| Source data |
--- START ---

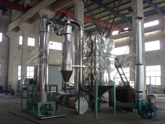 ★干燥氣體進入干燥機底部,產(chǎn)生強烈的旋轉(zhuǎn)氣流,對器壁上物料產(chǎn)生強烈的沖刷帶出作用,消除粘壁現(xiàn)象。
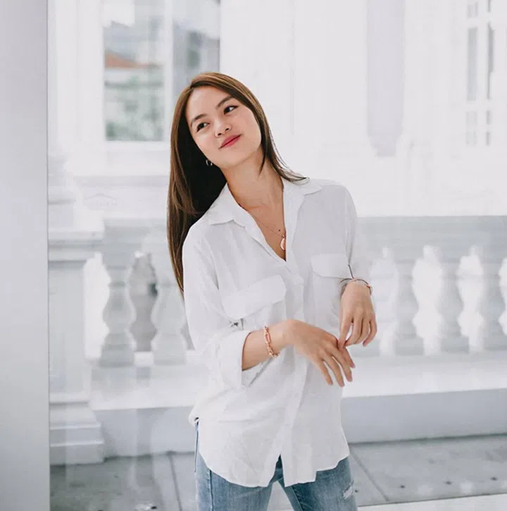 简单、干净的白色衬衣+牛仔裤,不妨再学Chantalle搭配现代优雅的时尚首饰,在细节上展现精致美。
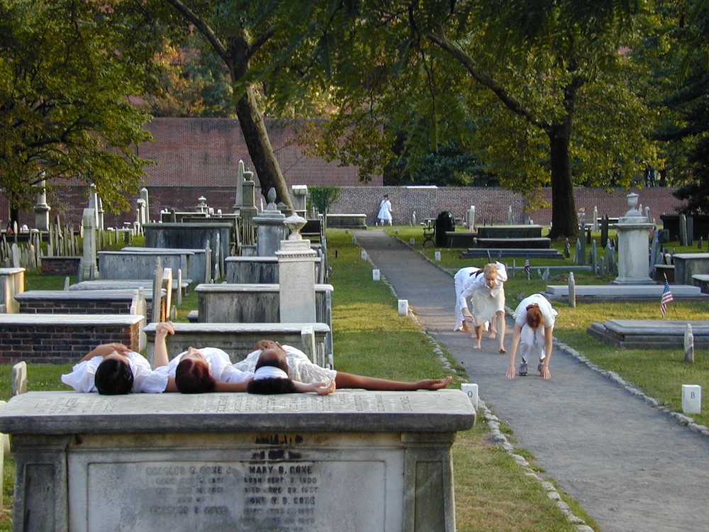 Corner Stone (2004), Christ Church Burial Ground, Philadelphia by Leah Stein, dancers: Michele Tantoco, Michelle Fenner, Tamara Xavier, Jenny Sawyer, Shavon Norris + 2 others, Photo: Leah Stein
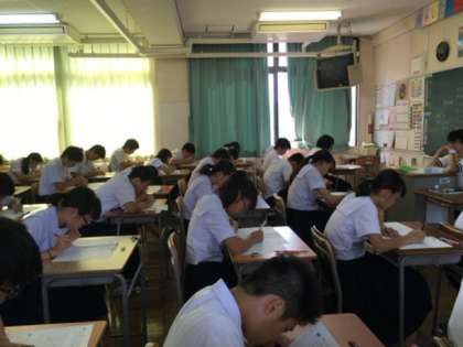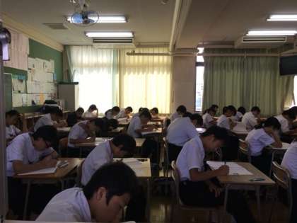 国語・社会・数学・理科・英語の5教科のテストです。皆、真剣な表情で問題に取り組んでいます。
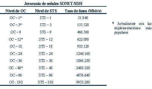 las relaciones entre los niveles OC, STS y SDH. La señal de

--- END ---

| Exercise instructions |
Nothing but the lines from the one containing "简单、干净的白色衬衣+牛仔裤" through the final line of the records, both included and copied exactly, should appear in the answer; pictures stay out.

| Reply to the exercise |
 简单、干净的白色衬衣+牛仔裤,不妨再学Chantalle搭配现代优雅的时尚首饰,在细节上展现精致美。
 Corner Stone (2004), Christ Church Burial Ground, Philadelphia by Leah Stein, dancers: Michele Tantoco, Michelle Fenner, Tamara Xavier, Jenny Sawyer, Shavon Norris + 2 others, Photo: Leah Stein
 国語・社会・数学・理科・英語の5教科のテストです。皆、真剣な表情で問題に取り組んでいます。
 las relaciones entre los niveles OC, STS y SDH. La señal de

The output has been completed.